US: Kenneth Lee Boyd, a Vietnam veteran who murdered his estranged wife and her father, is set today to become the 1,000th person executed in the United States since the death penalty was restored in 1976.
Protesters gathered yesterday outside the prison in Raleigh, North Carolina, where Boyd was being held as his lawyers pleaded with federal courts and the state's governor Mike Easley to call off the execution.
A district court judge said this week that Boyd "has a nearly nonexistent likelihood of success" in the courts and Mr Easley was not expected to grant clemency.
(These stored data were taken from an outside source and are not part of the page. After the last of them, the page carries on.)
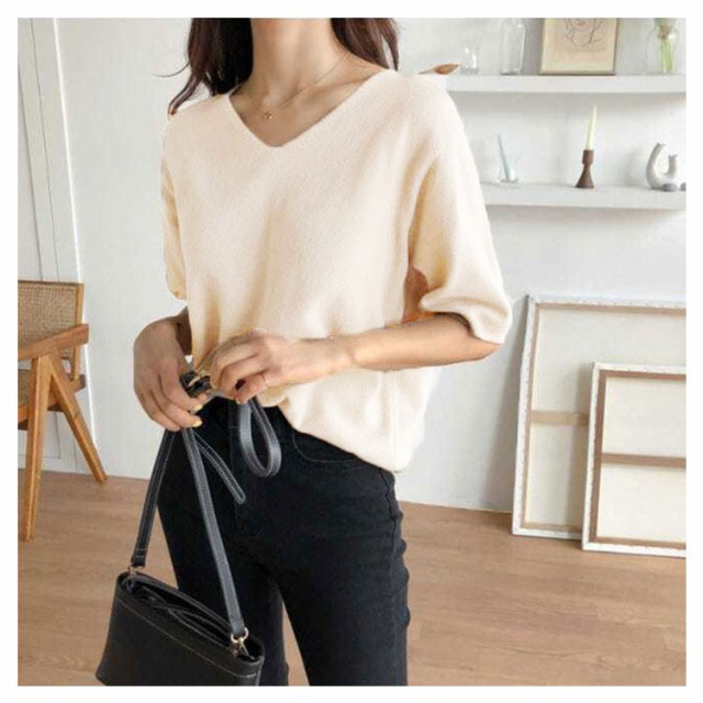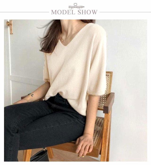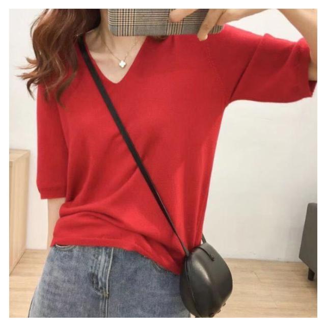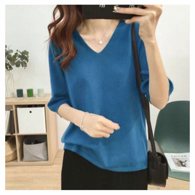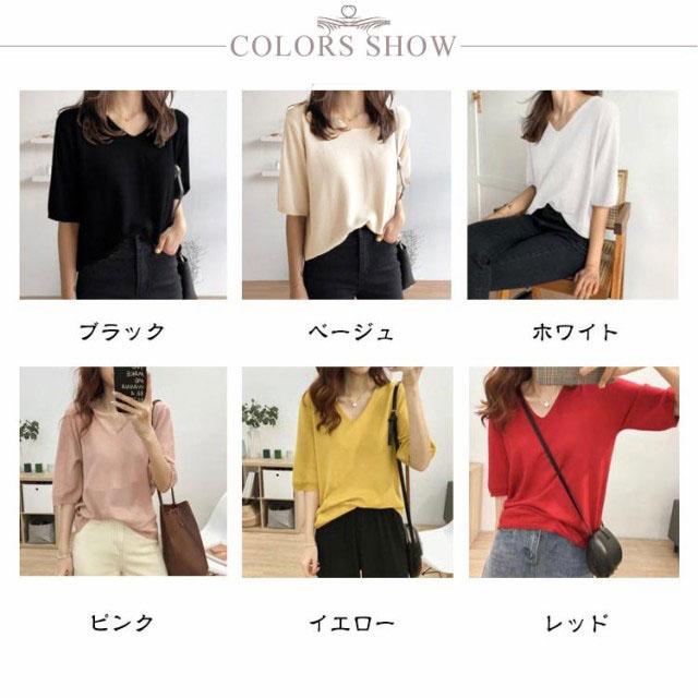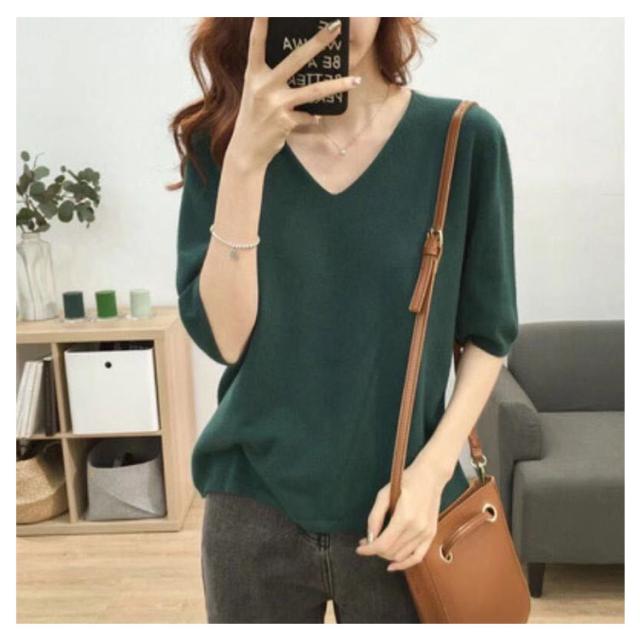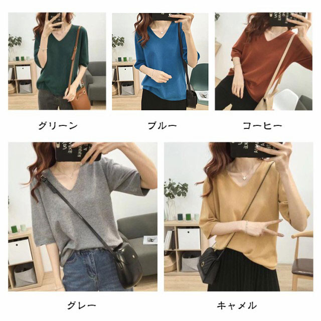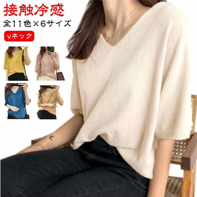 薄手 vネック カットソー 接触冷感 レディース ニットセーター 大きいサイズ Tシャツ サマーニット 大きいサイズ 七分袖 半袖 レディース ゆったり XL プルオーバー ニット vネック 春夏 おしゃれ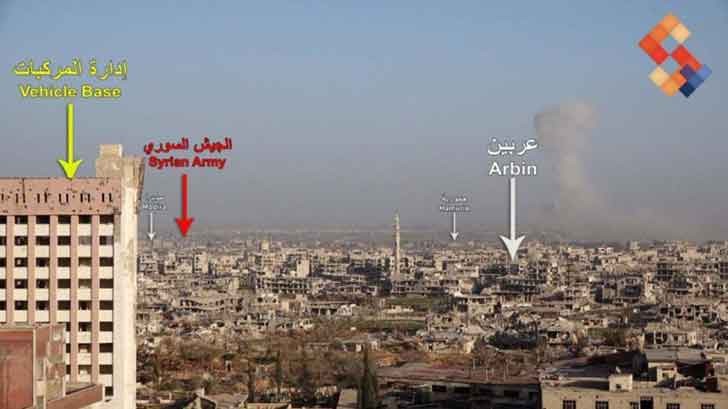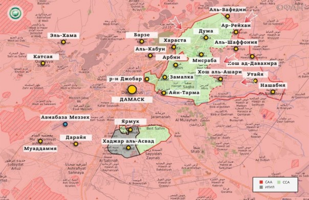 С востока через Масрабу прорываются подразделения дивизии «Tiger Forces», усиленные группами бойцов Республиканской гвардии, а с запада со стороны Харасты позиции джихадистов штурмуют части 4-й механизированной дивизии.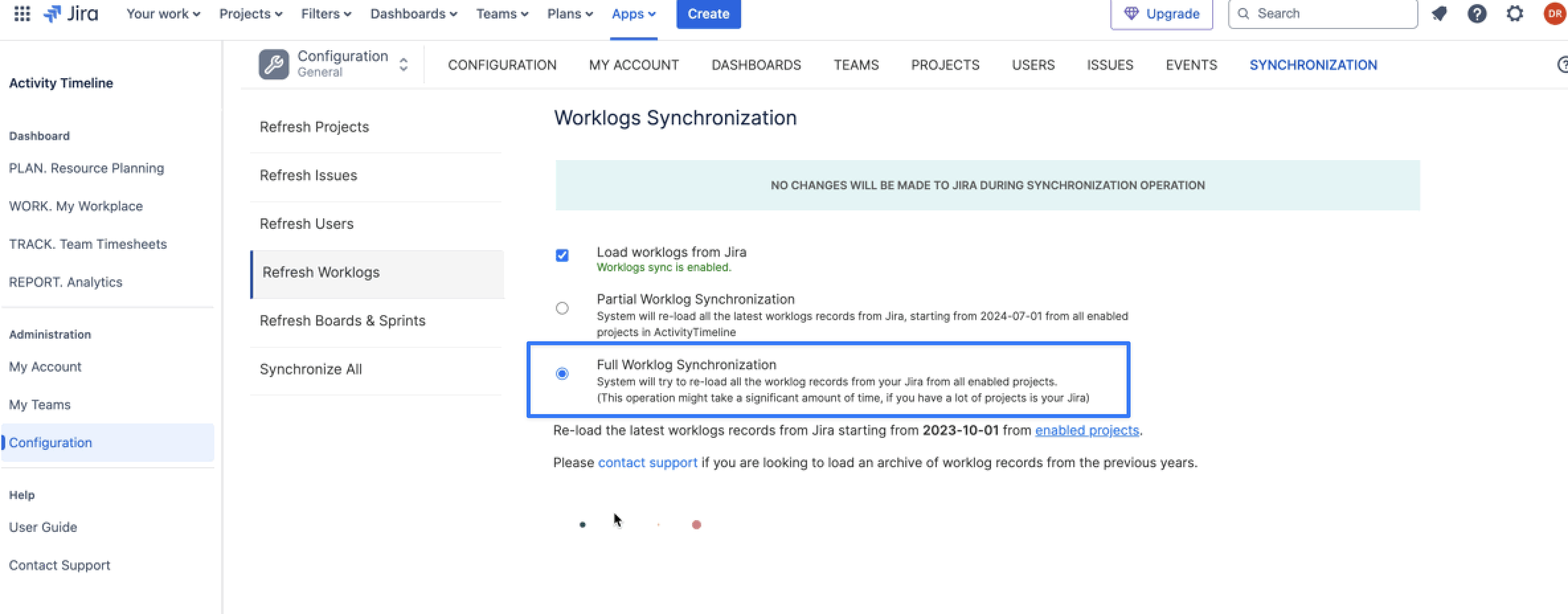 The system will load new worklogs by default. If you would like to retrieve previous Tempo worklogs then you would need to re-sync worklogs on ActivityTimeline Configuration → Synchronization → Refresh Worklogs → Full Worklog Synchronization.
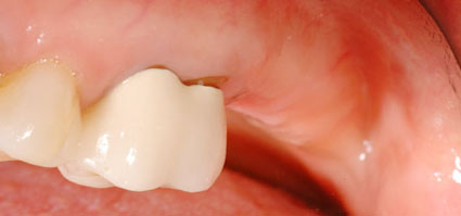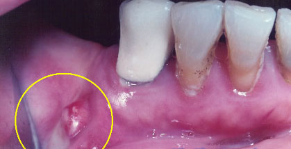 Hình: áp xe do phục hình răng sứ không tốt, gây viêm và nhiễm trùng tủy răng. Sẽ rất khó giữ lại được một chiếc răng bị nhiễm trùng nặng như vậy.

In a prison interview with the Associated Press this week, Boyd described the death penalty as "nothing but revenge" and said he did not want to be its 1,000th subject. "I don't like the idea of being picked as a number. I feel like I should be in prison for the rest of my life," he said.
Boyd admits killing Julie Curry Boyd and her father, Thomas Dillard Curry, in 1988 but claims that he remembers little about it.
"I remember sitting in my house, nobody there," he said. "I blinked my eyes and I'd done shot my father-in-law. When they told me how many times I shot her, I couldn't believe it. It's just a thing that happened, just snapped."
Virginia governor Mark Warner this week commuted a death sentence on Robin Lovitt, a convicted murderer due to be the 1,000th person executed since the return of the death penalty.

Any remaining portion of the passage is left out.